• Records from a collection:
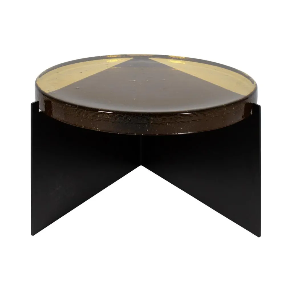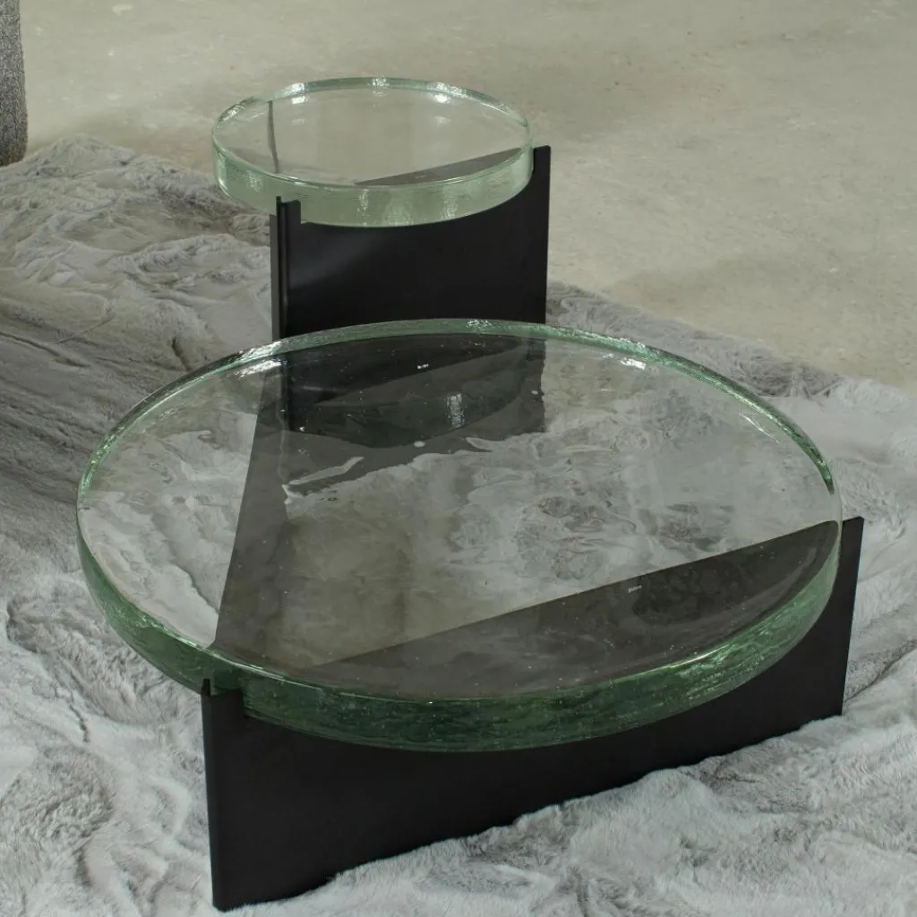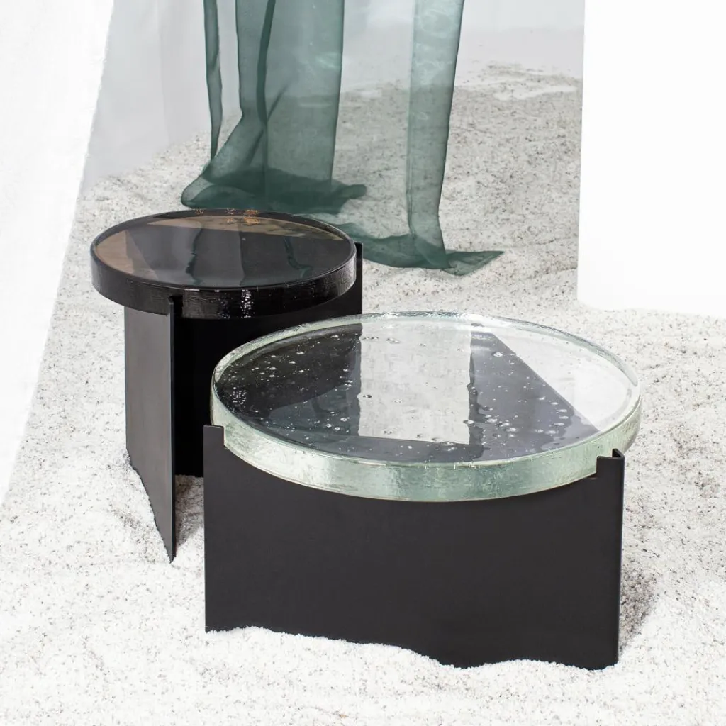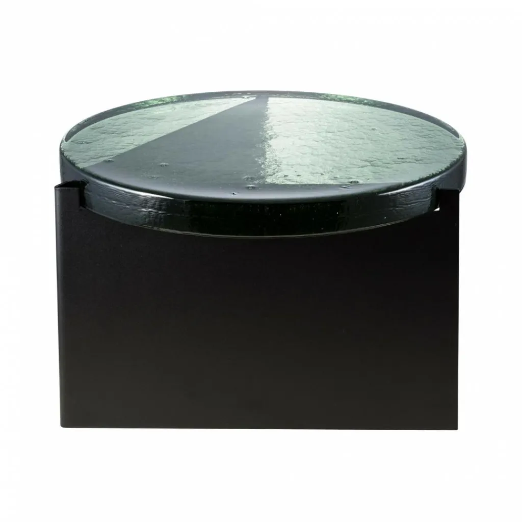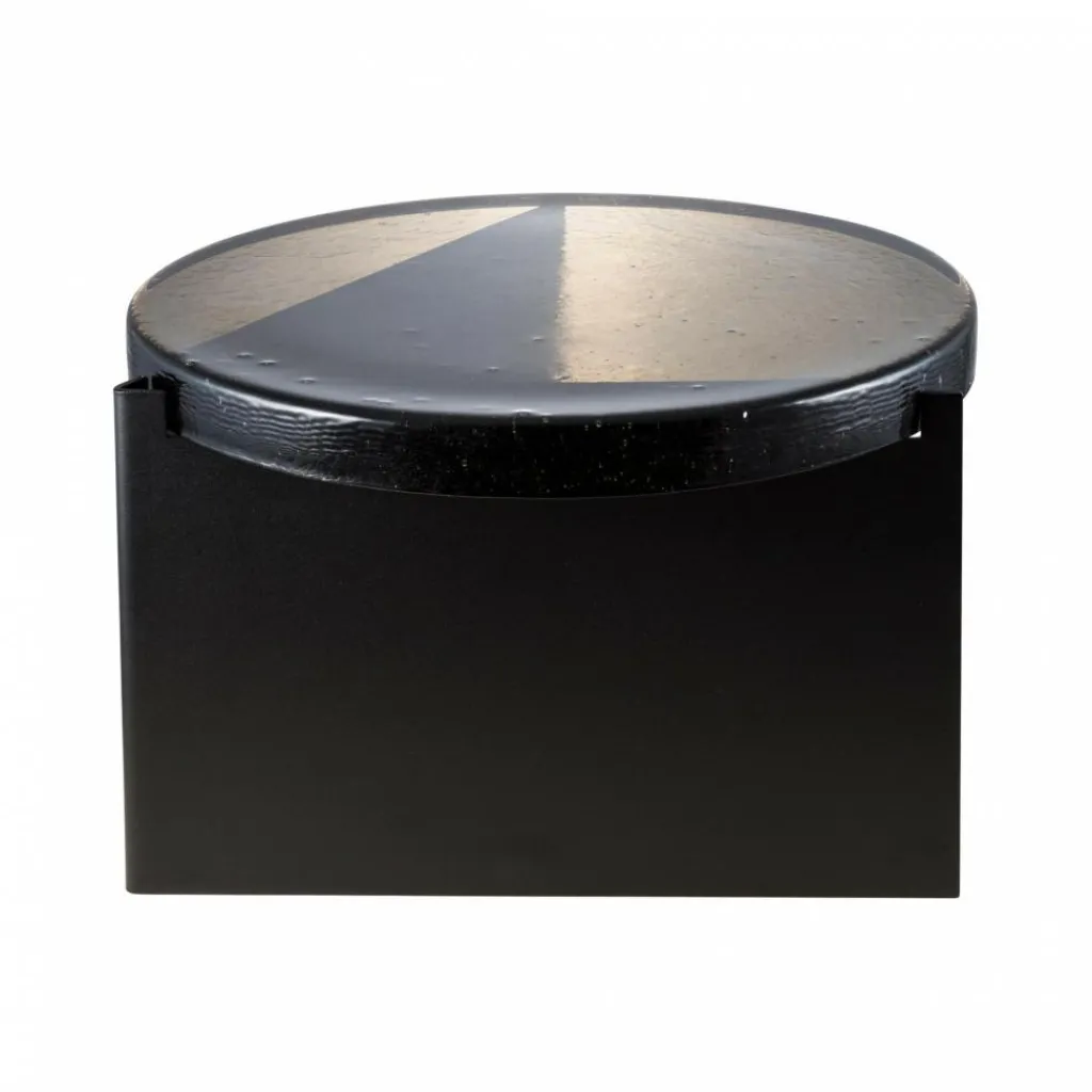 Üblicherweise werden Beistelltische mit einer Glasplatte nach dem 1902 patentierten Floatglasverfahren gefertigt, das ebenmäßige Oberflächen erzeugt. Nicht so der Alwa One Big Beistelltisch, der in einem langwierigen Prozess entsteht: Flüssiges Glas wird in eine Metallform gegossen, wo es über viele Stunden erkaltet. Während des Vorgangs zeigen sich kleine Blasen und Einschlüsse. Sie machen jeden Alwa One Big Beistelltisch zum Unikat. Die Struktur erinnert ganz deutlich an Luftblasen, die im Wasser an die Oberfläche perlen. Einen interessanten Kontrast zur markanten Glasplatte mit einem Durchmesser von 56 cm bildet das schwarze Stahlgestell, das sicheren Stand gewährleistet.
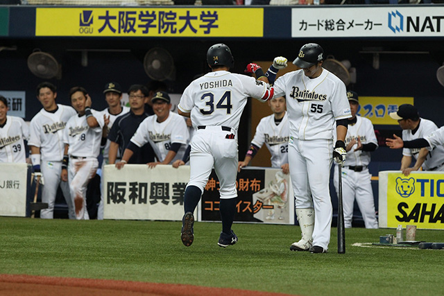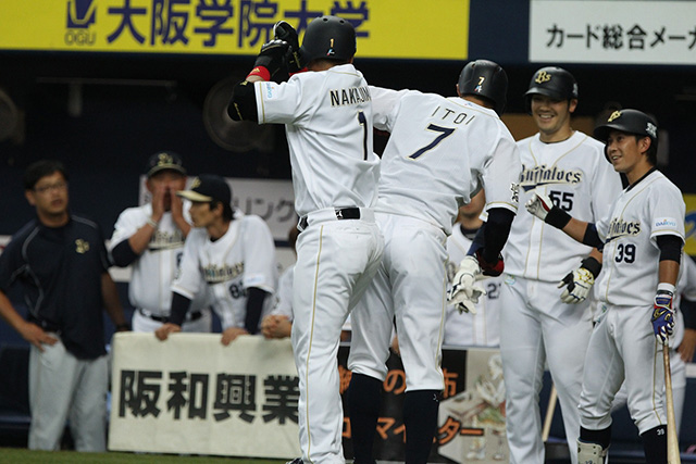 先制3ランHRを放った中島選手と出迎える糸井選手
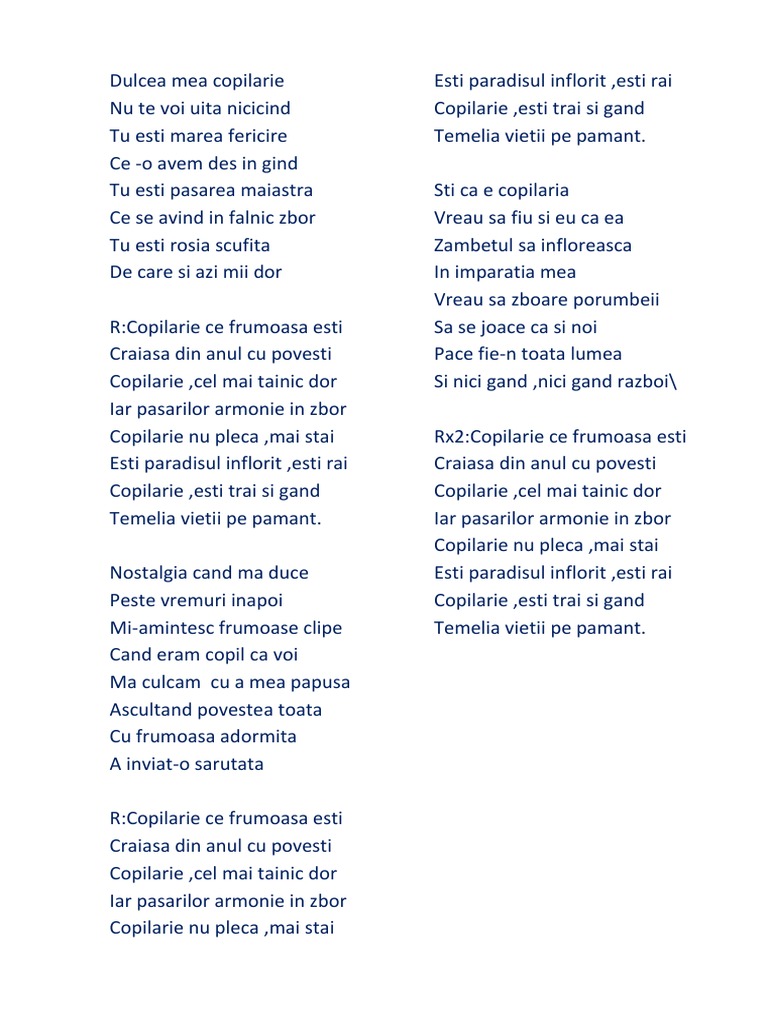 Copilarie Ce Frumoasa Esti
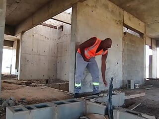 建筑工地的大量射精。年轻工人撸管他的大鸡巴射精,几乎被抓到
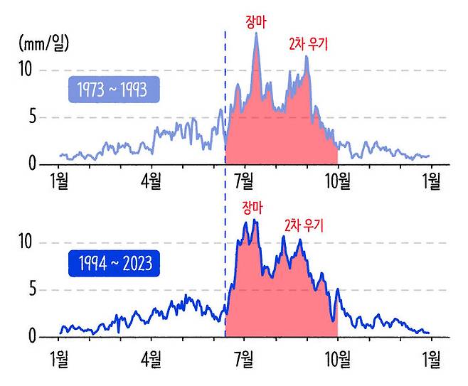 기상청에서 제공하는 전국 평균 강수량 데이터를 활용해 그래프를 그려봤습니다. 1973년부터 1993년의 여름철 강수량 분포와 1994년부터 2023년까지의 양상이 좀 다르죠? 두 시점 모두 장마가 시작되는 때는 큰 차이가 없습니다. 하지만 1994년 이후의 최근 그래프에선 장마 이후 2차 우기의 규모가 도드라져요. 물론 과거에도 2차 우기가 없었던 건 아니지만 장마철 강수량이 2차 우기보다 더 컸습니다. 하지만 최근에는 장마철만큼 2차 우기의 강수량이 늘어난 걸 확인할 수 있죠. 게다가 8월 중순 즈음엔 2차 우기의 두 번째 피크가 관측되기도 합니다.

• Task description:
Please copy the data above word for word, but only from the line that contains "Copilarie Ce Frumoasa Esti" through the final line, both included, and without the pictures.

• The answer:
 Copilarie Ce Frumoasa Esti
 建筑工地的大量射精。年轻工人撸管他的大鸡巴射精,几乎被抓到
 기상청에서 제공하는 전국 평균 강수량 데이터를 활용해 그래프를 그려봤습니다. 1973년부터 1993년의 여름철 강수량 분포와 1994년부터 2023년까지의 양상이 좀 다르죠? 두 시점 모두 장마가 시작되는 때는 큰 차이가 없습니다. 하지만 1994년 이후의 최근 그래프에선 장마 이후 2차 우기의 규모가 도드라져요. 물론 과거에도 2차 우기가 없었던 건 아니지만 장마철 강수량이 2차 우기보다 더 컸습니다. 하지만 최근에는 장마철만큼 2차 우기의 강수량이 늘어난 걸 확인할 수 있죠. 게다가 8월 중순 즈음엔 2차 우기의 두 번째 피크가 관측되기도 합니다.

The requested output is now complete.